Tuesday, December 16, 2014

Tree Trimmings #13: Silent Night

While searching for the full set of lyrics to Silent Night, I was surprised by two things: 1) I knew all three verses!  That doesn't always happen as I was expecting to find an additional 1-2 sections of the song that I had never heard sung before.  2)  I came across a book with an amazing title:  Silent Night--The Remarkable 1914 Truce.  It was a story I vaguely remembered hearing.

On Christmas Eve in 1914, in the midst of what was later to be called World War I (WWI), soldiers from opposing sides agreed on a truce.  According to an article from The New York Times, approximately 100,000 soldiers (mainly Germans and British) participated first cautiously then happily in the cease-fire.
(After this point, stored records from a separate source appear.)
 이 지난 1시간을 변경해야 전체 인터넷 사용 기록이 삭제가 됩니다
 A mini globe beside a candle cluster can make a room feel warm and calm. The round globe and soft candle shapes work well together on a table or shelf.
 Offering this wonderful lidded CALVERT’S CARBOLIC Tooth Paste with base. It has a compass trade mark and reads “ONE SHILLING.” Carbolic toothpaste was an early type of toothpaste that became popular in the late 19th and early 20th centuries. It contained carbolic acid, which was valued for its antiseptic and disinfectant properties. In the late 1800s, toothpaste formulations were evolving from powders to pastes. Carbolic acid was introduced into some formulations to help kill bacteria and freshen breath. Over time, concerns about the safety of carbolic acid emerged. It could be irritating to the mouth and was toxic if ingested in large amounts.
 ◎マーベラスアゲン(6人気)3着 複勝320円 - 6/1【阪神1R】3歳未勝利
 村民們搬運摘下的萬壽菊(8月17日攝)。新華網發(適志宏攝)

The Christmas Truce sounded a lot like what many of us would recognize as part of celebrating the day:  plenty of drinking, watching and playing sports like "football" (aka "soccer" to most Americans), singing Christmas carols, decorating Christmas trees, listening to Christmas sermons, etc.  While the vast majority of troops enjoyed an end to hostilities, a certain German corporal who's first name was Adolf and last name was Hitler scolded his counterparts for failing to honor their obligations as soldiers to engage in war.
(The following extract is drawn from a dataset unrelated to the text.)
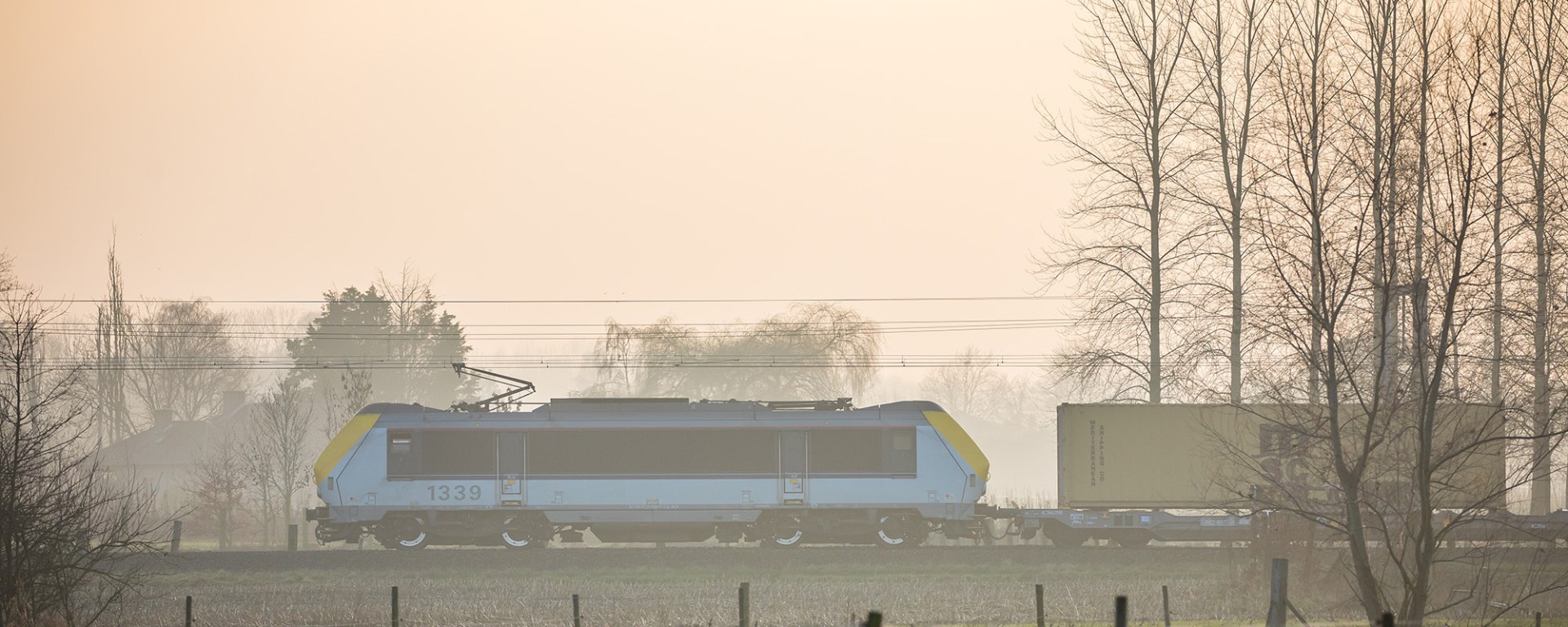 Today, the main access to shunting yard of Antwerpen-Noord was not accessible, resulting in massive detours of freight traffic. The portion of line 50 between Gent and Schellebelle was, for one day, the busiest part of railway on the network. Only by evening the sun was breaking through the clouds, right on time for this warm winter shot of a southbound train.

All in all, it was the first time in months that the noise of war was muffled.  For once, they enjoyed a Silent Night.

But it was short-lived.  By December 26th, hostilities were renewed and men who sang together, shared meals around the same table and even professed to worship the same God renewed the antagonism and the call to arms was answered.  This wasn't a bittersweet moment, but a hope that died as the flower of tragedy bloomed.

Now I don't want to be labeled a pacifist, but it seems to me that people who could celebrate Christmas with "the enemy" and then return to being enemies within a 24-hour period don't really understand the holy day.  Christmas is more than an interruption.  It's the celebration of God's decision to halt hostilities and make for peace with His enemies; eternal peace through the death of His Son and ultimate restoration through the resurrection of Christ.   Romans 5:1 declares,

"Therefore since we have been justified by faith, we have peace with God through our Lord Jesus Christ."  
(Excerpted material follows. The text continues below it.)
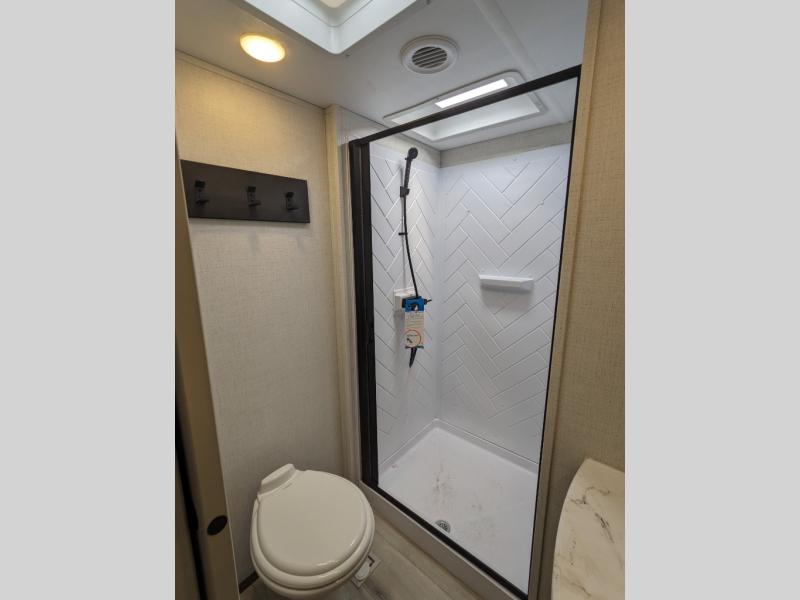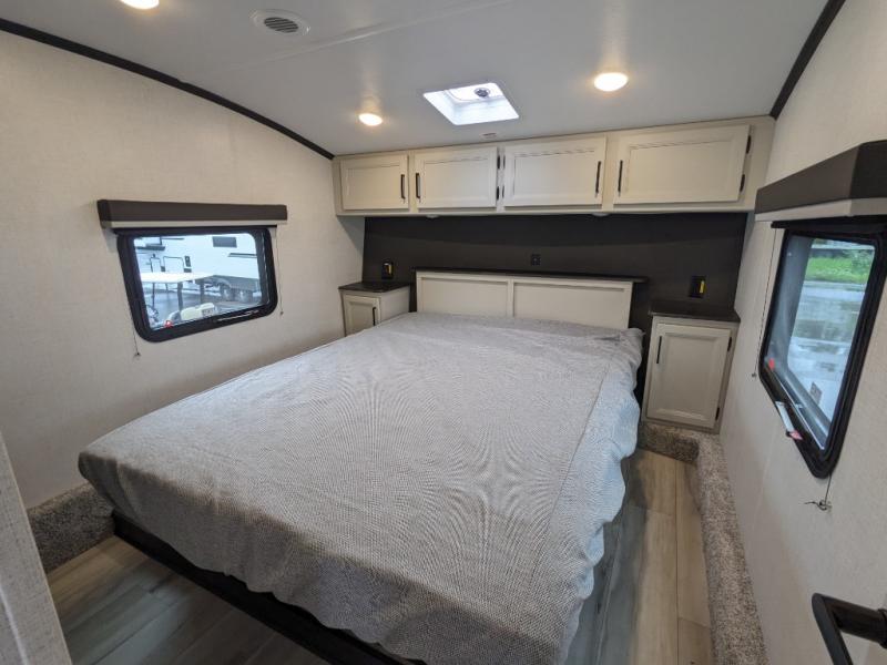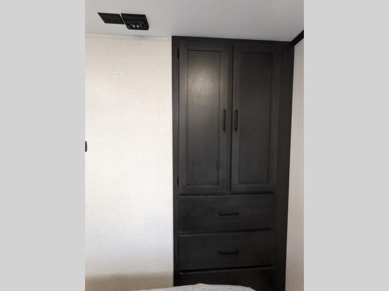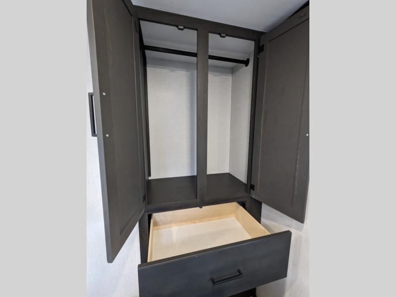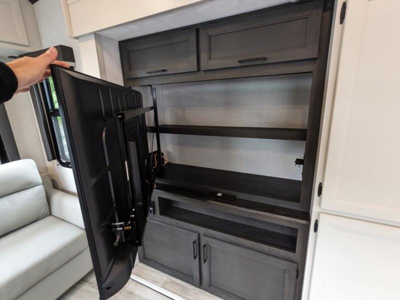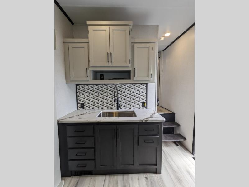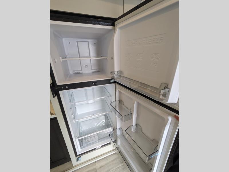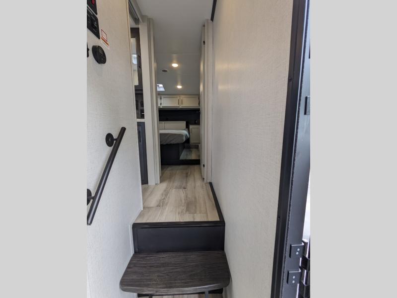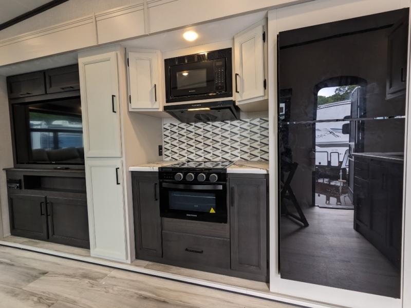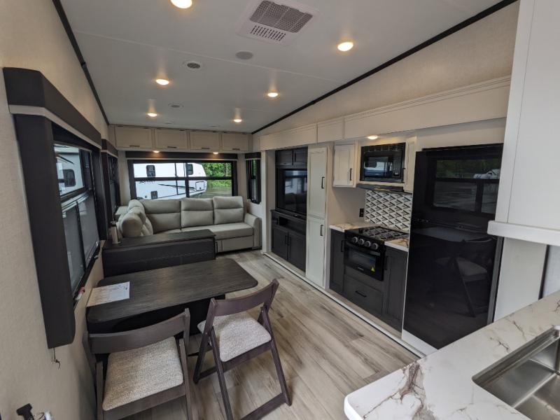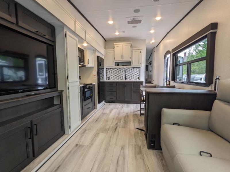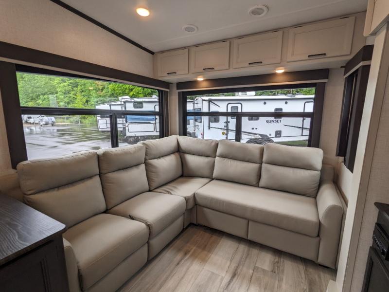 This fifth wheel will be the best RV vehicle for you and your family. Built to offer the ultimate comfort, this fifth wheel has a spacious living area that boasts a tri-fold sofa and sofa with recliners, perfect to rest while enjoying your tour favorites shows in the fabulous entertainment center. You can cook like a Michelin star chef in the incredible kitchen, fitted with a convection microwave, refrigerator, and three-burner range. Also, the overhead cabinets and pantry will allow you to keep all your food and spices organized on the go, and when your meal is done, you can enjoy it in the comfortable dinette. Convenience is our top priority; that is why the full bathroom is equipped with everything needed to take a nice shower. Finally, retreat to the comfortable queen bed, ideal for a deserved good night's rest.

As much as one might criticize those soldiers, the challenge for us all is the same.  Will Christmas merely be an interruption in our self-centered lives where we give gifts as if to exonerate ourselves from the shame of our self-absorption all year long?  Will Christmas merely be a cease-fire between ourselves and God as we put on a good face for Mom by coming to church for the sake of the day but not for the sake of the Savior celebrated on that day?  Prayerfully Christmas will not be a day to enjoy pretend peace with God.  Especially when He has gone so far out of His way to offer permanent peace.